The film deals not only with the inception and growth of Santini's precious collection, but also with its conservation after his death. In 1862 the collection was purchased and transported from Italy to the city of Münster in Germany and lay there forgotten for 40 years. Then in 1902 this trove was rediscovered and brought to the attention of the public through by the work of Edward Dent, the distinguished British musicologist.
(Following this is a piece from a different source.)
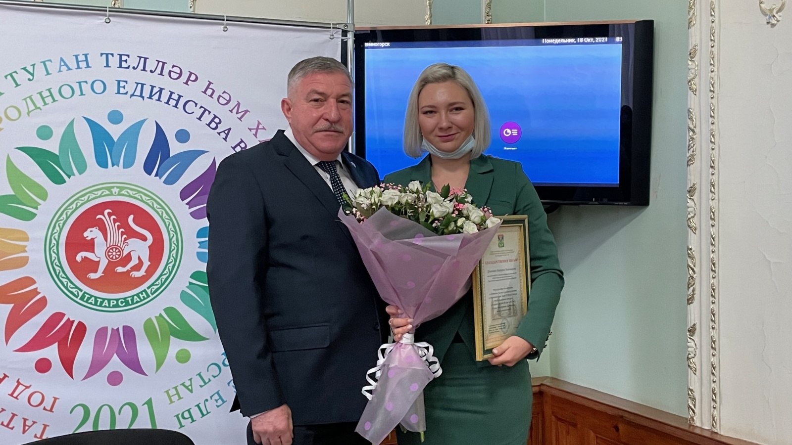 Работа «делового понедельника» началась с награждения воспитателя детского сада №10 Виктории Цыгановой. Глава района Рягат Хусаинов вручил Благодарственное письмо аппарата Совета Виктории Цыгановой за достойное участие и высокий результат в заключительном этапе XII Всероссийского профессионального конкурса «Воспитатель года России» в 2021 году.

Subsequently, the collection was saved from firebombs during World War II, and though partially damaged after the war by a devastating flood, the irreplaceable musical opus of Santini has survived.

==Cast==
- Renato Scarpa: Fortunato Santini
- John Gayford: Edward Dent
- Maximilian Scheidt: Felix Mendelssohn
- Harald Redmer: Carl Friedrich Zelter
- Domenico Galasso: Giuseppe Baini
- Claudio Marchione: Giuseppe Jannacconi
- Pietro M. Beccatini: Carlo Odescalchi
- Antonio Giovannini: Mariano Astolfi
- Florian Steffens: young Edward Dent
- Emanuele Paragallo: young Fortunato Santini

== Film music ==
The Soundtrack is composed of musical pieces from Santini's collection, some performed for the first time under conductor Favio Colusso by the Ensemble Seicentonovecento.

| Nr. | Author | Title |
|---|---|---|
| 1. | Antonio Lotti | Crucifixus |
| 2. | Tomás Luis de Victoria | Salve Regina |
| 3. | Cristóbal de Morales | Lamentabatur Jacob |
| 4. | Giacomo Carissimi | Jephte, Plorate filii Israel |
| 5. | Antonio Caldara | Kyrie from the Missa Dolorosa |
| 6. | Francesco Durante | Lamentationes Jeremiae Prophetae |
| 7. | Palestrina | Kyrie from the Missa Ut-Re-Mi-Fa-So-La |
| 8. | Giovanni Battista Martini | Sonata g-minor for Organ, Sarabanda |
| 9. | Palestrina | Aleph III |
| 10. | Carl Heinrich Graun | Der Tod Jesu |
| 11. | Georg Friedrich Händel | Non esce un guardo mai |
| 12. | Georg Friedrich Händel | Resurrezione |
| 13. | Alessandro Melani | Magnificat |
| 14. | Johann Sebastian Bach | Passio secundum Joannem |
| 15. | Fortunato Santini | Te Deum a Due Cori |
| 16. | Domenico Scarlatti | Sonatas in f-Minor K. 519 |
| 17. | Francesco Durante | Requiem Lacrimosa |
| 18. | Alessandro Scarlatti | Agar et Ismaele esiliati, grave |
| 19. | Domenico Scarlatti | sonata in f-Minor L.281 K.239 |
| 20. | Georg Friedrich Händel | Israel in Egypt / a thick darkness |
| 21. | Fortunato Santini | Sancte Paule Apostole |

Some other background music was composed by Flavio Colusso.

==Release and reception==
Santini's Network premiered at the Auditorium of Santa Maria dell’Anima in Rome on 1 April 2014 and in Münster's Schloßtheater on 9 April 2014. Film critic Günter Moseler: "A great film about a modest life for the future of Early Music." (Ein großer Film über ein kleines Leben für die Zukunft Alter Musik.). First broadcast was in Westdeutscher Rundfunk on 28 April 2014.